압축 결과는 바이트 단위로 기록되므로 작은 엔디안 바이트 순서 파일이든 큰 엔디안 바이트 순서 파일이든 압축된 데이터는 동일합니다.

미리 알아야 할 사항

TIFF 파일용 LZW 구현 3.

난이도 분석

하나는 인코딩을 효율적으로 관리하는 방법이고, 다른 하나는 인코딩 결과를 출력 결과에 효율적으로 작성하고 가변 길이 인코딩 결과에 대해 올바르게 변환하는 방법입니다.

코딩을 효과적으로 관리하는 방법

가장 기본적인 LZW 구현에는 수십 줄의 코드만 필요하며, 자세한 내용은 다른 글을 참조하세요. 진짜 어려움은 코드 테이블을 효율적으로 관리하는 방법입니다. 철저한 방법은 더 많은 메모리를 요구하고 프로그램 실행 속도가 느려집니다. 상용 LZW 프로그램에서는 일반적으로 성능을 개선하기 위해 몇 가지 방법이 사용됩니다. 예를 들어, 각 문자열이 인코딩되는 길이를 미리 알 수 없기 때문에 메모리 문제가 발생합니다. 대부분의 LZW 프로그램은 이 문제를 해결하기 위해 인코딩 테이블의 중복 특성을 활용합니다. 예를 들어, 다음 문서의 인코딩 예시에서 2단계 인코딩 256은 TO로 정의되고 12단계 인코딩 265는 TOB로 위치하며, 비유하자면 각 인코딩은 이전 인코딩에 새로운 문자를 더한 것으로 볼 수 있습니다.

0102 | LZW 압축 알고리즘

무기한 길이 인코딩 결과를 처리하는 방법

무한 길이 인코딩 결과를 바이트 단위로 변환하여 저장하는 것은 LZW 알고리즘의 압축률을 달성하기 위한 핵심 포인트 중 하나입니다.

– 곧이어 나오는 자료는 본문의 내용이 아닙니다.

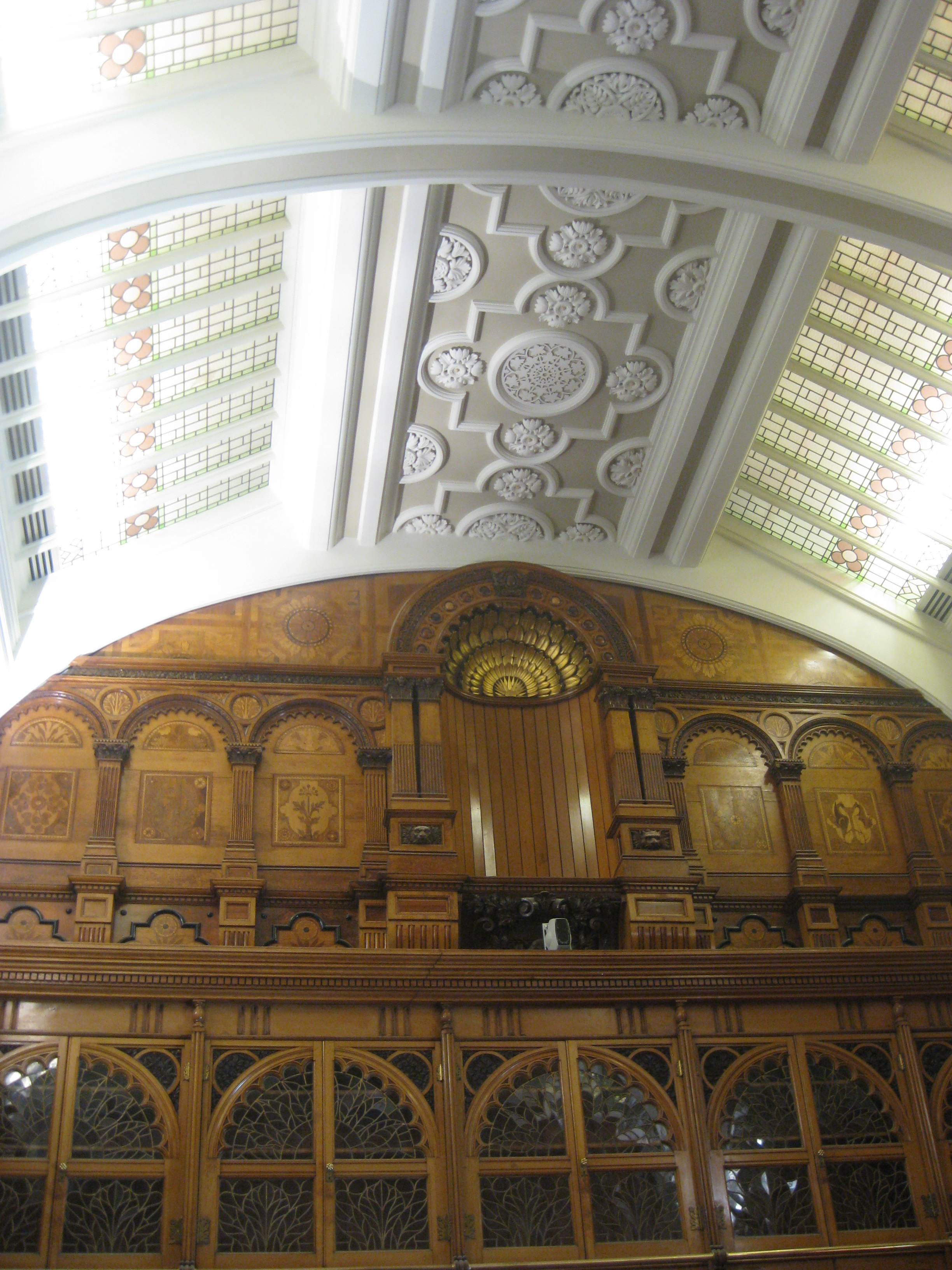 Inside it was also nice.  We worked our way up to the third floor, where there was a temporary Shakespeare exhibition on.  I loved the posters for Shakespeare performances from different countries around the world – there was some really fantastic artwork.  Up on the ninth floor there was also a special room dedicated to the big man.  The room was an original 17th century room, rebuilt various times in various buildings.  It held a collection of old Shakespeare books, and was generally a very beautiful place to be.

예를 들어 [256, 7, 258, 8, 8, 258, 6, 6, 257] 데이터의 경우 int 타입으로 저장할 경우 총 9*4=36바이트가 필요합니다. 다른 방식으로 보면 현재 데이터 총 최대값이 258이므로 9비트 바이너리를 사용하여 000000111,100000010,000001000,000001000,100000010,000000110,000000110,001000001에 대한 이진 변환 결과를 표현하는 것을 고려할 수 있습니다. 그런 다음 변환 결과를 바이트 저장소로 변환하면 -128(1000000), 1, -32, 64, -128, 68, 8, 12, 6, -128, -128 결과에 해당하는 총 11바이트가 필요합니다.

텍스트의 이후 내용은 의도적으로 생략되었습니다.